Thursday, May 25, 2006

Retiree benefits grow into 'monster'

USA TODAY
Retiree benefits grow into 'monster'
By Dennis Cauchon, USA TODAY

Taxpayers owe more than a half-million dollars per household for financial promises made by government, mostly to cover the cost of retirement benefits for baby boomers, a USA TODAY analysis shows.

Federal, state and local governments have added nearly $10 trillion to taxpayer liabilities in the past two years, bringing the total of government's unfunded obligations to an unprecedented $57.8 trillion.

That is the equivalent of a $510,678 credit card debt for every American household. Payments on this delinquent tax bill must start soon if financial promises to the elderly are to be kept.
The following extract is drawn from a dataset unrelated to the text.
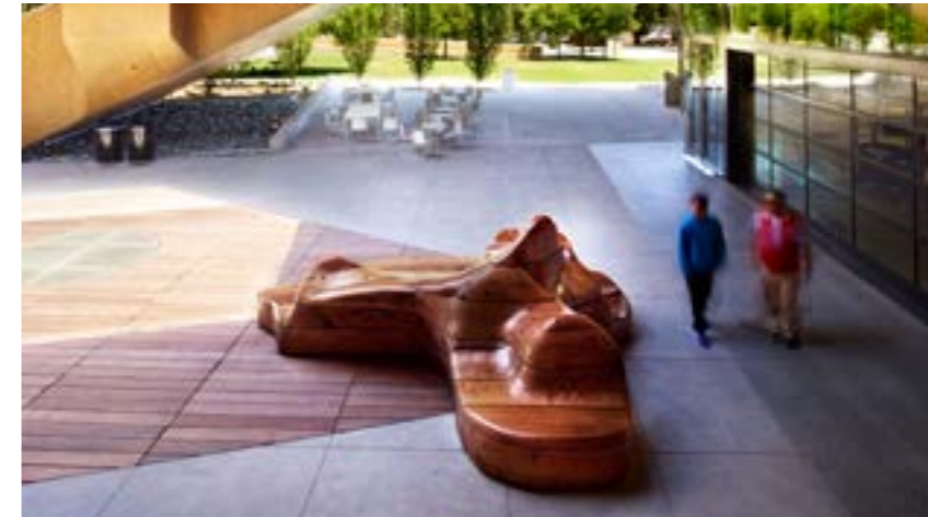
Example image of 3-dimensional sculpture

The cost of retirement programs will start to soar when baby boomers — 79 million born between 1946 and 1964 — begin collecting Social Security in 2008 and Medicare in 2011.

"This is a monster financial problem that both parties are going to have to solve," says Rep. Jim Cooper, D-Tenn., a member of the House Budget Committee. "Most Americans and Congress members don't realize the terrific burden we are putting on future generations."

USA TODAY compiled a list of all taxpayer liabilities — federal, state and local — to provide a fuller look at the nation's financial condition. The numbers are based on official government reports.

THE BILL

Taxpayers are responsible for more than $500,000 per household for unfunded financial promises made by federal, state and local governments. How the debt breaks down:



Program Liability per household

======= =======================

Medicare $263,377

Social Security $133,456

Federal debt $42,538

Military retirement benefits $25,443

State-local debt $16,395

Federal employee retirement
benefits $14,256


State-local retirement benefits $13,257

Other federal $1,956

========

Total $510,678


Source: USA TODAY research

Americans' government obligations are five times what people owe for mortgages, car loans, credit cards and other personal debt. The $57.8 trillion liability is the amount that government needs now, stashed away and earning interest, to generate enough cash to pay future obligations. The obligations are valued in today's dollars and come due as early as in a few days, when Treasury bills mature, to as long as 75 years for Social Security and Medicare.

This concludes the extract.